Мамино волнение поселилось в воздухе, которым я дышала. Я знала, она так ждала от меня ползания, а затем хождения. Но я не могла оправдать ее ожидания из-за странного напряжения в мышцах ног. Мама, дорогая, если бы я знала, что дело в них, я бы тебе об этом сказала намного раньше, чем все эти непутевые неврологи, которые встретились на нашем пути до моего первого дня рождения. Но так уж устроена человеческая эволюция, что сказать и осознать мы можем намного позже, чем сесть, встать или пойти.
Диагноз
– Елизавета Михайловна, меня беспокоит Агния. Ей уже год, но она никак не поползет, сидит, если посадишь, встает у опоры, но самостоятельного хождения до сих пор нет и не предвидится, – сказала мама на очередном приеме у невролога в поликлинике.
– Вы знаете, то, что ребенок в год не ходит, еще ничего не значит. Американцы вообще продлили верхнюю границу нормы старта хождения ребенка до восемнадцати месяцев. Так что у вас в запасе еще есть как минимум полгода, – ответила врач, особо не отрываясь от компьютера и бросив на меня мимолетный взгляд.
– Да, я читала про американские нормы, но все же посмотрите Агнию.
Доктор нехотя отъехала на стуле от компьютера, в котором, очевидно, значились более важные дела по заполнению медицинских бумажек, и приблизилась ко мне. Ее большая голова с растрепанными волосами склонилась надо мной так резко, что от испуга я зажмурилась, а все мои мышцы сжались еще сильнее.

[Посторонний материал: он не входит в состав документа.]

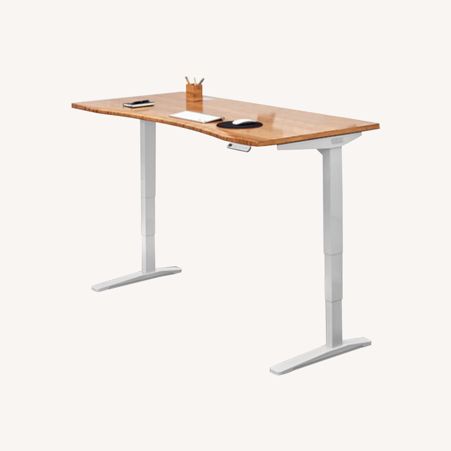 Seller's Notes:60" Bamboo Ergo-Edge Curve top * Eco-friendly desktop is constructed out of sustainable and carbonized Bamboo. * Motor hidden inside legs. * Lifts up to 355lbs. * UV-cured using an eco-friendly process with no VOCs or air pollutants * Cable management channel and power outlet mounted underneath. * Can be adjusted to 48” tall
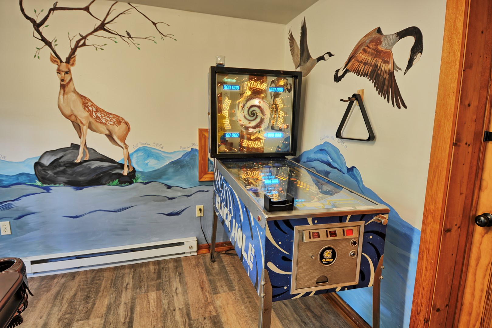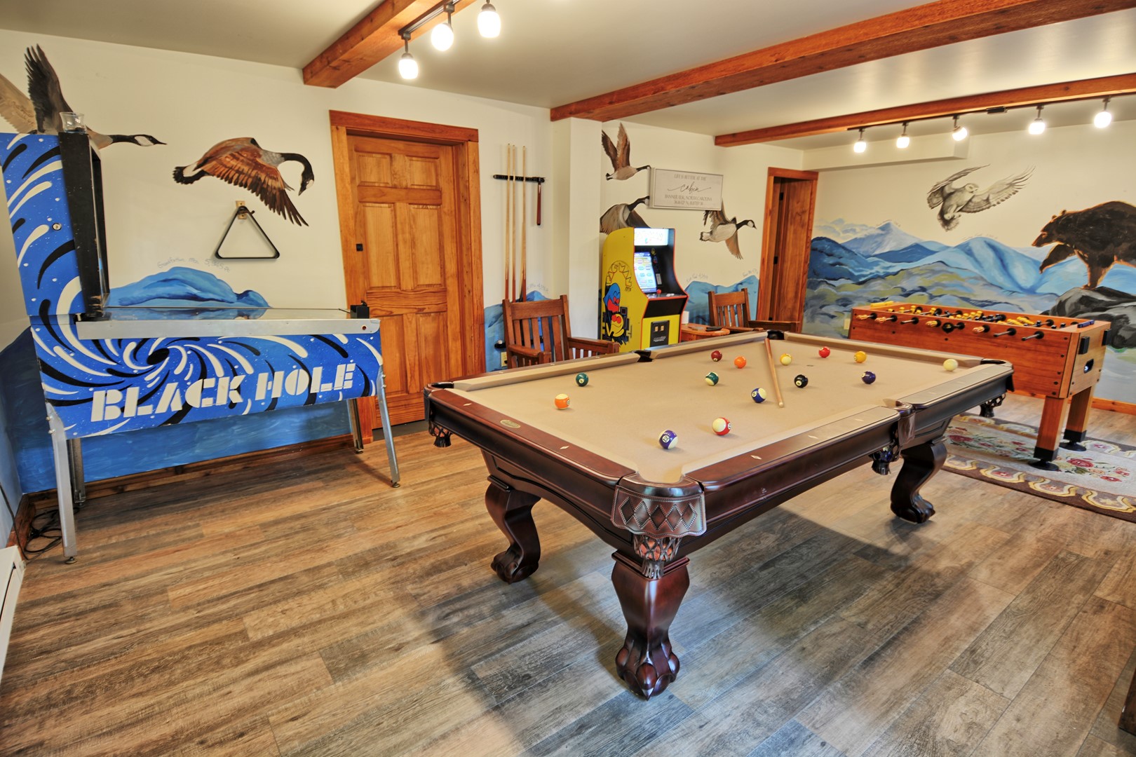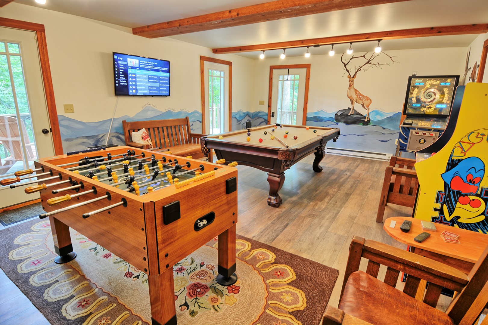 Located on the lower level of the detached garage, the game room is a hit with both kids and adults.

Доктор начала гнуть мои стопы, которые не очень-то гнулись. И на этом осмотр завершился. Мне показалось это странным. Мама водила меня на консультации не только в поликлинику, но и в коммерческие центры, однако там меня смотрели дольше и внимательнее.
– Вы даже не попросите меня раздеть ребенка? – с просила моя мама.
– Нет, не вижу смысла. Давайте поступим так. Если через месяц не пойдет, то назначим десять уколов церебролизина.
– Хорошо, – недоверчиво сказала мама.
После того как мы покинули стены поликлиники, она достала из рюкзака телефон и позвонила доктору, которая наблюдала моего брата после рождения. У него ввиду недоношенности, реанимации и ИВЛ было в свое время больше шансов столкнуться с неврологическими неприятностями, чем у меня.
– Евгения Владимировна, здравствуйте! Агнии уже год. Она не ходит, только начала ползать, но как-то странно, и встает у опоры. Невролог в поликлинике говорит, что все в порядке и оперирует американской шкалой развития моторных навыков. Но для меня это неубедительно. Вы не могли бы нас навестить и посмотреть Агнию?
– Да, Аня. Я смогу подъехать послезавтра в 19.00. Удобно?
– Да, будем вас ждать.
Послезавтра наступило через день. День, который принято называть как тот, который разделил мою жизнь и жизнь моей семьи на ДО и ПОСЛЕ.
Евгения Владимировна мне понравилась. В ее движениях была плавность, голос был мягким, она никуда не спешила, а лицо светилось добротой. Мама положила меня на кровать, и доктор начала осмотр. Стало как-то тихо. Врач молча меня осматривала. Мама нервно ждала и боялась сказать слово. Я слышала стук ее сердца. Он был таким громким, пульсирующим и взрывал неприятную тишину, которая стала звенеть в моей голове.
– Аня, пусть Агния пойдет к мальчикам и поиграет с ними. Я за ней понаблюдаю.
Наконец-то это тяжеловесное молчание было нарушено. Я поползла к своим братьям, подтягивая обе задние ножки, как бы по-лягушачьи. Мне так было удобно. Я пыталась найти способ, как мне управлять своими непослушными мышцами. И нашла такой, хоть это отнимало у меня немало сил. В комнате мы играли примерно двадцать минут. Я не переставала чувствовать на себе пристальные взгляды доктора, которая вскоре вынесла свой вердикт.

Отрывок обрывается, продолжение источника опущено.